Pueraria montana var. Lobata or Pueraria thunbergiana Benth. (Kudzu)

Kudzu, or Japanese arrowroot, is a perennial leguminous vine. Both its root and flower have been used for herbal medicine in Asia for centuries. Kudzu roots have been shown to contain large amounts of isoflavones (an aver ag e 1.8% t o 12% dr y matter), including puerarin, daidzin, daidzein, rutin, caffeic acid, epigallocatechin gallate (gallic acid), chlorogenic acid, quercetin, quercitrin, hyperosidem, rhamnetin, kaempferol, myricetin, pcoumaric acid, ferulic acid, sinapic acid, and p-hydroxybenzoic acid. One of its major constituents, robinin (kaempferol), possesses anti-inflammatory activity, inhibiting the production of Nitric Oxide Synthase (iNOS), cyclooxygenase-2, TNF-α, and IL-6 [50].

A study of 18 bioactive dietary molecules for potential antiviral and anti- SARS included several kudzu leaf extracts including epigallocatechin gallate (gallic acid), genistein, quercetin and daidzein. Molecular docking study against proteins of SARS-CoV-2 was assessed and compared to remdesvir and chloroquine. All of the four kudzu leaf extracts evaluated, all were found to have active activity against COVID-19 with gallic acid exhibiting the strongest molecular interactions.
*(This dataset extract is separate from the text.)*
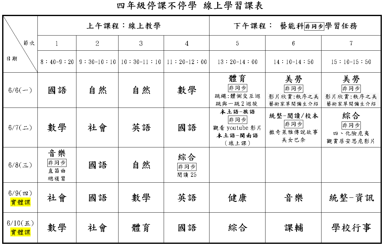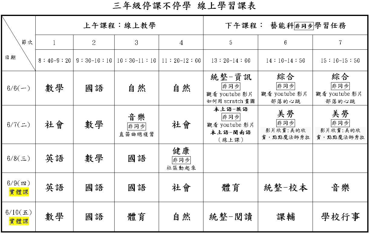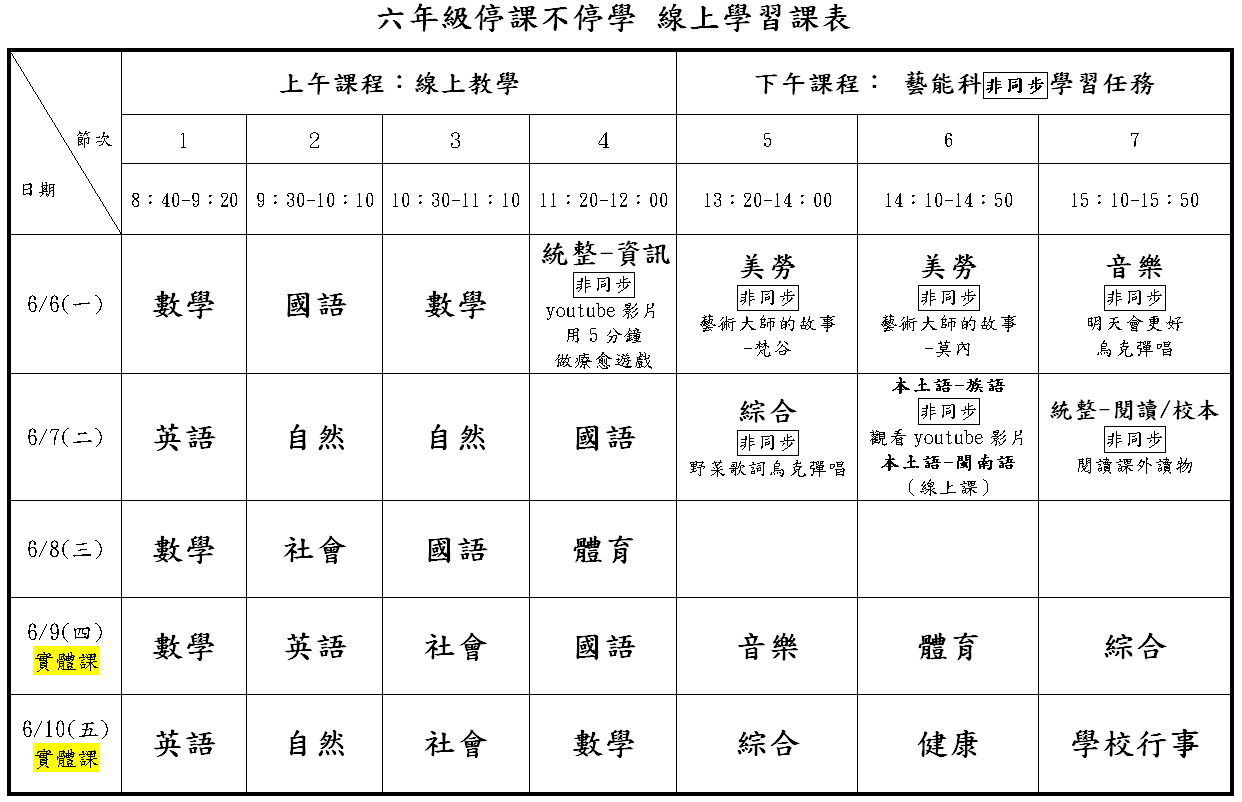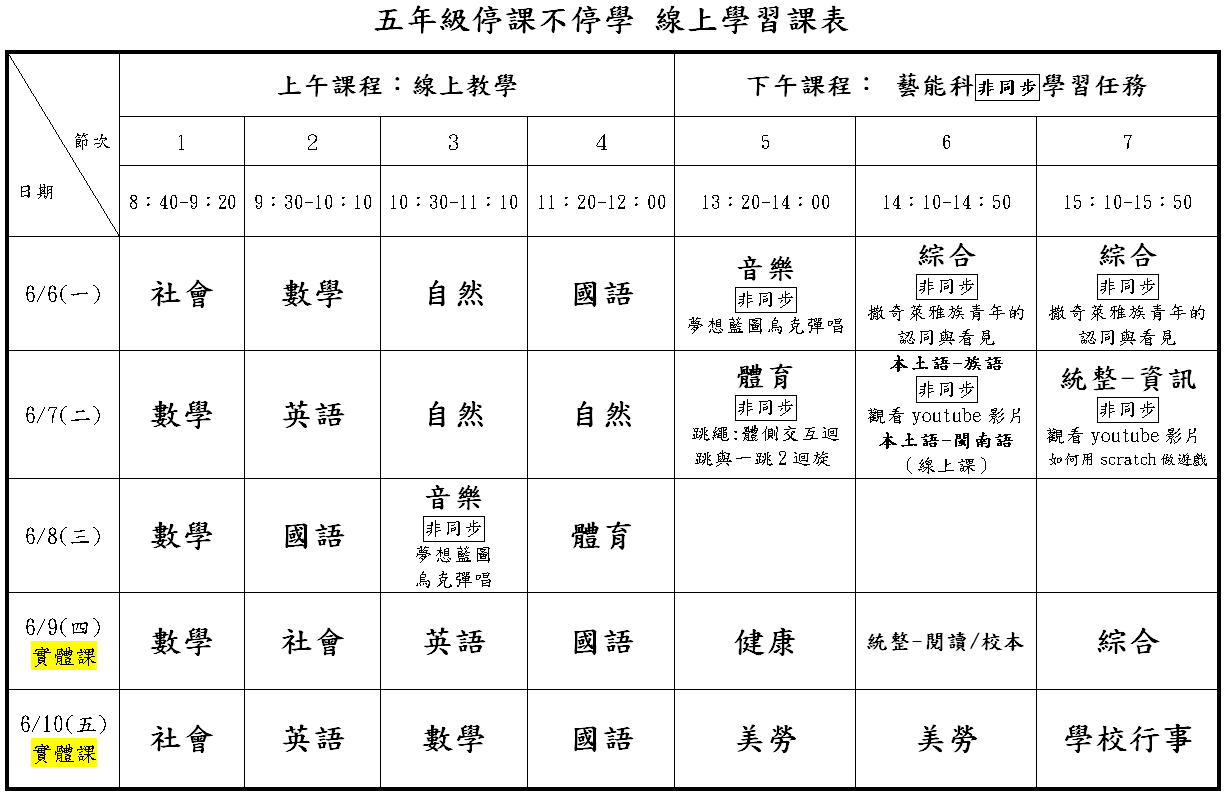 國福行事曆及課程計畫

Gallic acid was also far more active than the standard drugs remdesvir and chloroquine.

Cannabidiol (CBD)

While whole plant extracts are preferred, federal and state regulations make utilization of whole plant cannabis (hemp) extracts difficult. As such, utilizing non-psychotropic isolates is more practical. Effects of both stimulation and inhibition of the immune system by cannabinoids have been reported with contradictory evidence for the specific effects of cannabinoids on biosynethesis of T-cell derived cytokines. The literature houses studies that reveal both an inhibition of Th1 and Th2 cytokine production, and stimulation. However, there is now recent and consistent proof that cannabinoids are responsible for a decrease in the expression of certain pro-inflammatory cytokines such as IL-6, IL-12, IL-1, IL-2, and TNF-α. Therefore proving their role in the reduction of the inflammatory profile in certain pathologies. Recently it was also shown that cannabinoids have the ability to reduce the expression of IL-6 and NO-induced by LPS.
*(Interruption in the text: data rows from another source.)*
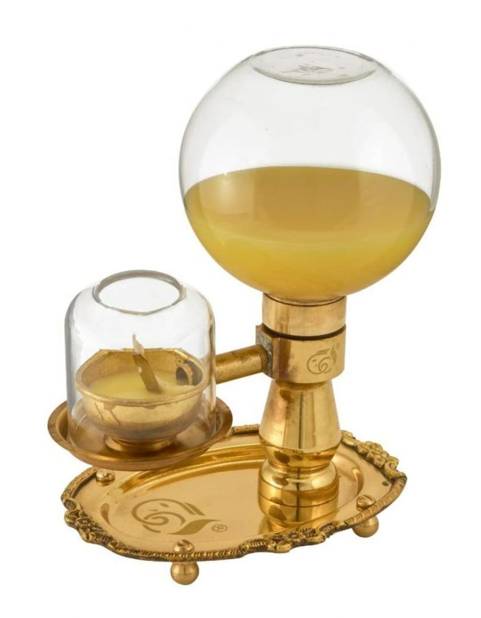 Akhand brass glass Deepak akhand diya with glass storage 24 hour burning capacity
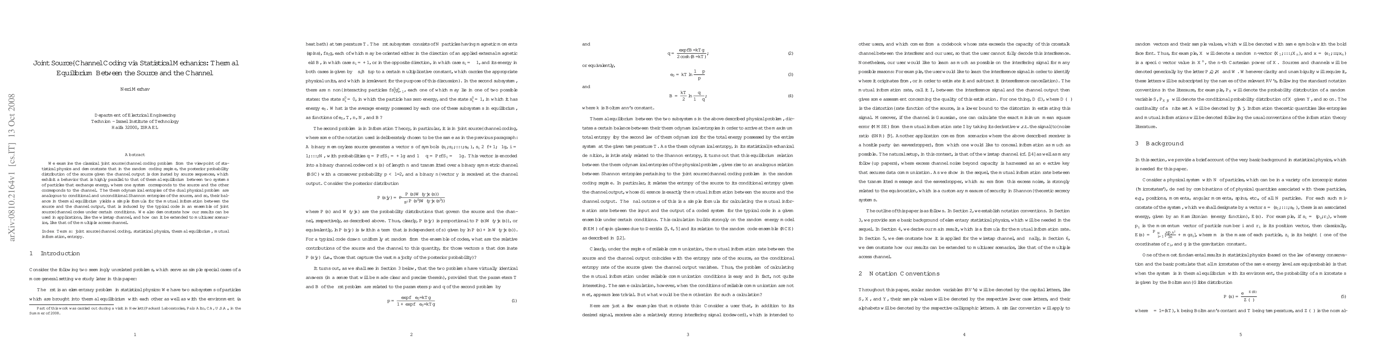 A research paper applies statistical mechanics to joint source-channel coding, revealing a thermal equilibrium between the source and channel that yields a simple formula for mutual information, applicable to wiretap channels and multiuser scenarios.
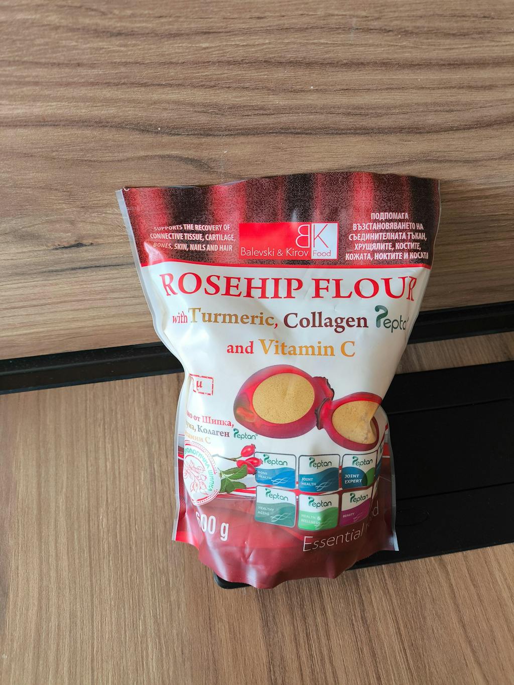 Брашното от шипка с колаген Peptan е специално създадено, за да подпомага здравето на кожата и ставите ви. Шипката е богата на витамин C и антиоксиданти, които помагат за поддържане на здравата кожа и същевременно защитават от свободните радикали. Колагенът Peptan е доказано ефективен в подобряването на еластичността на кожата и поддържането на ставите в добро състояние. С редовната консумация на нашия продукт, можете да се радвате на гладка кожа и здрави стави, които ви позволяват да се движите свободно и без болка.
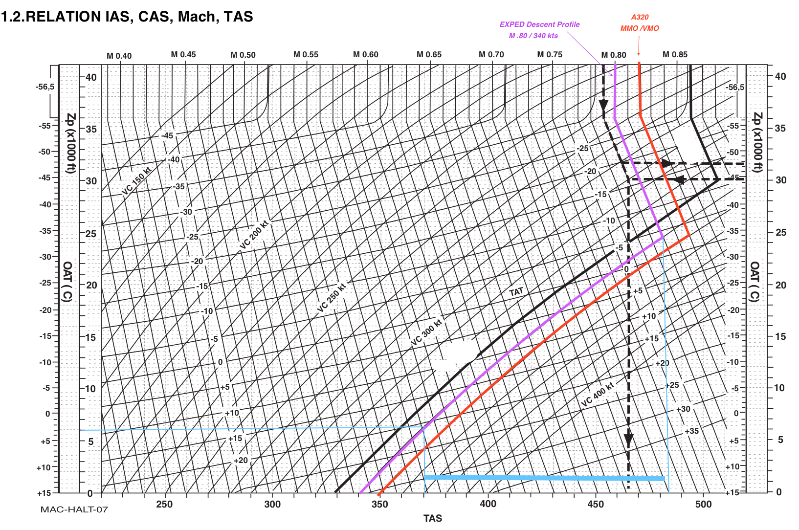 Les relations entre IAS, CAS, Mach, TAS sont données par l'universel Abaque de Chevalier . Cet abaque permet d'imaginer que l'avion a pu suivre pour la descente des instructions très précises en termes de vitesses soit M .82, et IAS 350 kts.

Several important interactions between the endocannabinoid signaling system and the immune and inflammatory changes in the context of sepsis, have been observed. There are increased interactions between CBD receptors and multiple immune cells such as monocytes, leukocytes, polymorphonuclear cells, natural killer cells, and CD4+ and the CD8+ lymphocytes. Recent studies have also shown a series of anti-inflammatory, antioxidant, and antiapoptotic properties of cannabinoids in sepsis. For the sake of simplicity, the link between the cannabinoid system and sepsis can be explained by the effects of cannabinoids on inflammation, on the immune system, and on the redox activity [51]. At a molecular level, CBD and THC are involved in most of the biological processes impacting microRNAs expression and blocking the excessive production of pro-inflammatory cytokines. The result is modulation of immune response leading to an enhanced molecular response during a sepsis event. In a mouse model of LPS induced sepsis-related encephalitis CBD prevented arteriolar and venular vasodilation as well as leukocyte margination and abolished increases in TNFalpha and COX-2 expression. CBD also reduced the expression of inducible-nitric oxide synthase and preserved the integrity of the blood-brian barrier.

Conclusion

The COVID-19 global pandemic has exposed the weaknesses of our current approach to dealing with communicable viral diseases, especially those that are novel and rapidly mutating. It’s likely that a vaccine is many months on the horizon and quality surveillance and testing has been, in many places, lackluster. Given the lack of effective therapeutic agents and the safety profile of whole plant extracts used in combination, it is the opinion of the authors that examination of the efficacy of these medicinals should occur in a clinical setting.